Qual è il suo atteggiamento, presidente, di fronte alla verifica, ai numeri del Senato, ai sette punti programmatici di Lamberto Dini? Risposta alla Prodi: "Fiducia, fiducia".

Ci vuole l'ostinazione quadrata di "Romano" per ricorrere alla parola "fiducia" per un governo sempre a rischio di essere sfiduciato; e anche di fronte alle cifre di quelli che lui chiama con nonchalance accademica "opinion polls", i sondaggi che lo danno alla miserabile soglia del 25 per cento. "Ma il fatto è che tutti sottovalutano un aspetto fondamentale, e cioè la possibilità di recupero del governo e del centrosinistra". Sulla fiducia di Prodi non esistono dubbi: il premier è davvero convinto, anzi di più, intellettualmente sicuro che lavorando con coerenza il governo non si limiterà a galleggiare, ma risalirà la china.

Ottimismo gratuito? No, dice lui: realismo pragmatico. Eppure in estrema sintesi il quadro è il seguente: una serie discretamente coerente di dati positivi, sui conti pubblici come sui dati dell'economia reale, si è tradotta fra l'opinione pubblica nella percezione di una catastrofe, tanto da avere indotto a una delusione grave anche ampie fasce del voto di centrosinistra.

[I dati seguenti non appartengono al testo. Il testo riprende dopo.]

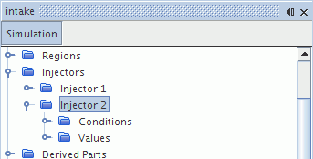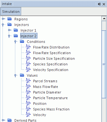 每个喷射器均包含若干子节点,这些子节点是喷射器条件和值的管理器,其作用类似于 Simcenter STAR-CCM+ 模拟的条件和值。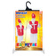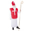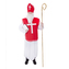 Strój zawiera koszulę o długości 145 cm mierzona od ramion, mitrę (czapkę) oraz ornat w klasycznym połączeniu kolorystycznym czerwonym z bielą. Dzięki uniwersalnemu rozmiarowi odpowiadającemu europejskiej oznaczonej literze L, jest odpowiedni dla większości dorosłych. Strój został zaprojektowany tak, by był łatwy w użyciu i wygodny, idealny do jednorazowego użycia podczas mikołajkowych imprez.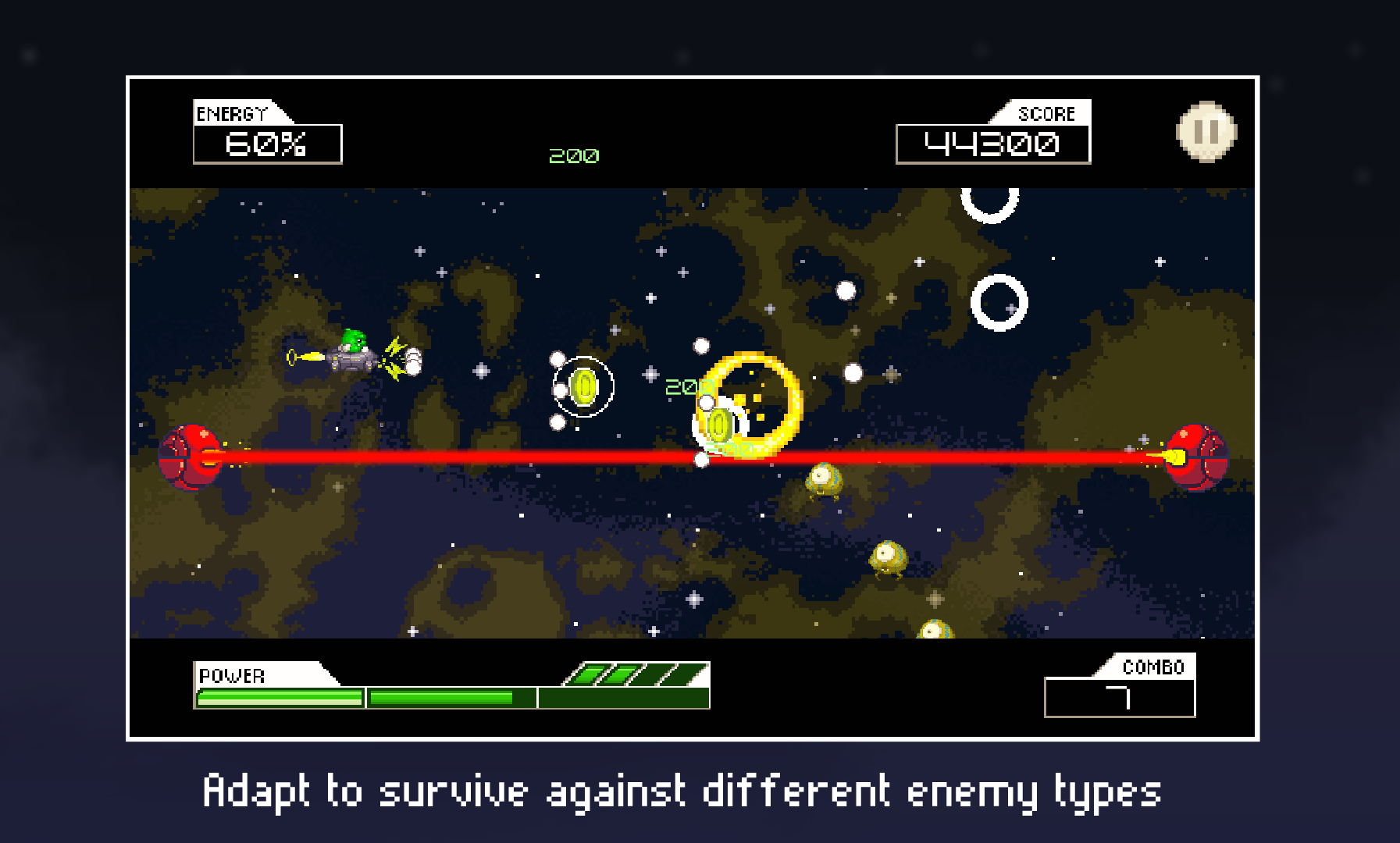 Action packed alien devastation! Epic boss battles with shifting mechanics and behaviours! Different weapon levels awarded by defeating the menace and activating your power up system! Hazardous obstacles to overcome as you power your way through the nebulae of space! Navigate through the different sectors of space, blast the alien colonies and end this war to return peace to the galaxy! Addictive survival based gameplay! Retro style pixel graphics! Simple, pick up and play controls! How long can you survive? Well what are you waiting for!?

Com'è stato possibile? Per Prodi il disagio nelle famiglie è reale. Ma è sulle ragioni del disagio che si deve ragionare senza pregiudizi: "Parlare di un effetto dell'inflazione rispetto a salari rimasti bloccati conduce a una diagnosi generica. La realtà appare molto più sfaccettata: oggi le famiglie hanno una struttura dei consumi in cui le componenti nuove rispetto ai consumi tradizionali sono diventate incomprimibili".
Già, ma non ci sono solo i cellulari, la televisione satellitare, la connessione adsl, le rateazioni, i mutui. In realtà si assiste anche a una lievitazione incontrollata delle tariffe (nonché a misure di contenimento dell'aumento del carburante che sono rimaste lettera morta: molti discorsi sulle accise e pochi effetti sui distributori). Ma si ha la sensazione che il premier voglia guardare più in là della contingenza: "Tutto vero, ma noi oggi ci troviamo davanti a una possibilità importante, cioè alla chance di cambiare di segno alla dinamica socio-economica del nostro paese. E questo è praticabile oggi non per un miracolo inopinato, ma perché abbiamo posto le premesse giuste nei diciannove mesi di governo. Abbiamo fatto il risanamento, adesso proviamo a fare il miglioramento".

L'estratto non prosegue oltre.